I stopped at a truck stop one time to get a cup of coffee, and the girl at the cash register was the ugliest woman I ever saw. I do not say that flippantly or humorously. This young woman’s face was so repulsive that despite an effort to be pleasant to her, I found it hard to make eye contact. She didn’t appear to have been in an accident or to suffer from any birth deformity; she was simply the most shocking opposite of beauty that I have ever seen. She was not just unattractive, mind you. Her face was a horrifying mask of . . . ugliness. You have never seen anything like this woman’s visage in your worst nightmare.
My heart broke for this pathetic individual.
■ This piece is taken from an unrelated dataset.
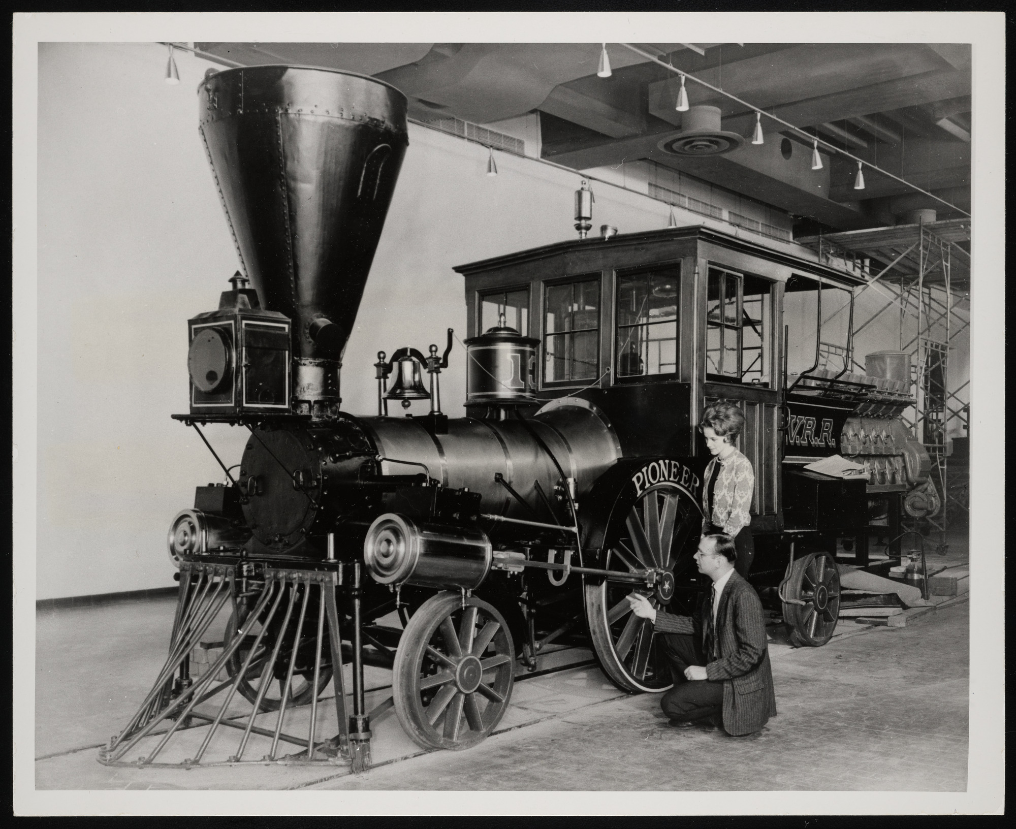 Interior view, final installation of "Pioneer" locomotive in Railroad Hall at Museum of History and Technology, now known as National Museum of American History, with John H. White, associate curator in the Section of Land Transportation, and Mary S. Chroniger, secretary.

As I went to my car, stinging tears came to my eyes. “Where in all the wide world will there be found a man who can look past this woman’s body and love the woman that she very likely is on the inside?” I thought. “She surely knows that, in all likelihood, she will go to bed and her heart will be crushed with unspeakable loneliness every long night that she is required to live in this world.”
The worst thing about it was that, in my shock, I didn’t have the presence of mind to look at her name tag and call her by name. That was a gift I could have given that would have meant so much to her. And I failed to give it.
It was many miles down the road before I could get this woman off my mind. And Paul’s statement in 2 Corinthians 5:16 kept coming to me: “From now on, therefore, WE REGARD NO ONE ACCORDING TO THE FLESH. Even though we once regarded Christ according to the flesh, we regard him thus no longer.” Paul would have never seen the truth about Jesus of Nazareth if he’d not learned to look below the surface and to see Jesus’ CHARACTER. And having learned to look at Jesus with something other than worldly eyes, Paul said that he was determined not to look at ANYBODY ELSE with worldly eyes, either.
In truth, there is no such thing as an “ordinary” human being. Every person created by God — in His image — is a being of INCALCULABLE WORTH and capable of UNIMAGINABLE GLORY. It often takes looking “inside” a person to see their worth and their glory, but don’t we owe it to those around us to make that effort? If we want others to see more about US than they could see with their physical eyes, then we owe THEM nothing less than the same grace.
I hope that somebody in the life of that woman at the truck stop will see her not “according to the flesh” but with eyes that see what God sees: a creature who means as much to Him as anybody else He ever made. I hope so. I pray so. And I am ashamed that I might not be able to do such a thing. Clearly, I’ve got some work left to do in my way of looking at people.